Antigen Strictly speaking, a substance that stimulates the production of antibody. However, the term is applied to substances that stimulate any type of adaptive immune response. Typically, antigens are foreign (‘non-self’) and either particulate (e.g. cells, bacteria) or large protein or polysaccharide molecules. Under special conditions small molecules and even ‘self’ components can become antigenic (see Figs 18–21).
Specific; specificity Terms used to denote the production of an immune response more or less selective for the stimulus, such as a lymphocyte that responds to, or an antibody that ‘fits’ a particular antigen. For example, antibody against measles virus will not bind to mumps virus: it is ‘specific’ for measles.
Lymphocyte A small cell found in blood, from which it recirculates through the tissues and back via the lymph, ‘policing’ the body for non-self material. Its ability to recognize individual antigens through its specialized surface receptors and to divide into numerous cells of identical specificity and long lifespan makes it the ideal cell for adaptive responses. Two major populations of lymphocytes are recognized: T and B (see also Fig. 15). B lymphocytes secrete antibody, the humoral element of adaptive immunity.
Antibody is a major fraction of serum proteins, often called immunoglobulin. It is made up of a collection of very similar proteins each able to bind specifically to different antigens, and resulting in a very large repertoire of antigen-binding molecules. Antibodies can bind to and neutralize bacterial toxins and some viruses directly but they also act by opsonization and by activating complement on the surface of invading pathogens (see below).

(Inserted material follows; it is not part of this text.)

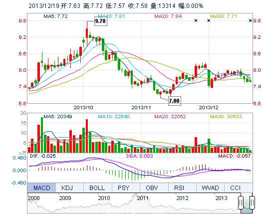 今開: 7.63 成交量: 1.33萬手 振幅: 1.98% 最高: 7.72 成交額: 1018.12萬元 換手率: 0.48% 最低: 7.57 總市值: 21.60億 市凈率: 3.46 昨收: 7.58 流通市值: ...

T (‘thymus-derived’) lymphocytes are further divided into subpopulations that ‘help’ B lymphocytes, kill virus-infected cells, activate macrophages and drive inflammation (see Fig. 21).
Interactions between innate and adaptive immunity
Opsonization A phenomenon whereby antibodies bind to the surface of bacteria, viruses or other parasites, and increase their adherence and phagocytosis. Antibody also activates complement on the surface of invading pathogens. Adaptive immunity thus harnesses innate immunity to destroy many microorganisms.
Complement As mentioned above, complement is often activated by antibody bound to microbial surfaces. However, binding of complement to antigen can also greatly increase its ability to activate a strong and lasting B-cell response – an example of ‘reverse interaction’ between adaptive and innate immune mechanisms.
Presentation of antigens to T and B cells by dendritic cells is necessary for most adaptive responses; presentation by dendritic cells usually requires activation of these cells by contact with microbial components (e.g. bacterial cell walls), another example of ‘reverse interaction’ between adaptive and innate immune mechanisms.
Help by T cells is required for many branches of both adaptive and innate immunity. T-cell help is required for the secretion of most antibodies by B cells, for activating macrophages to kill intracellular pathogens and for an effective cytotoxic T-cell response.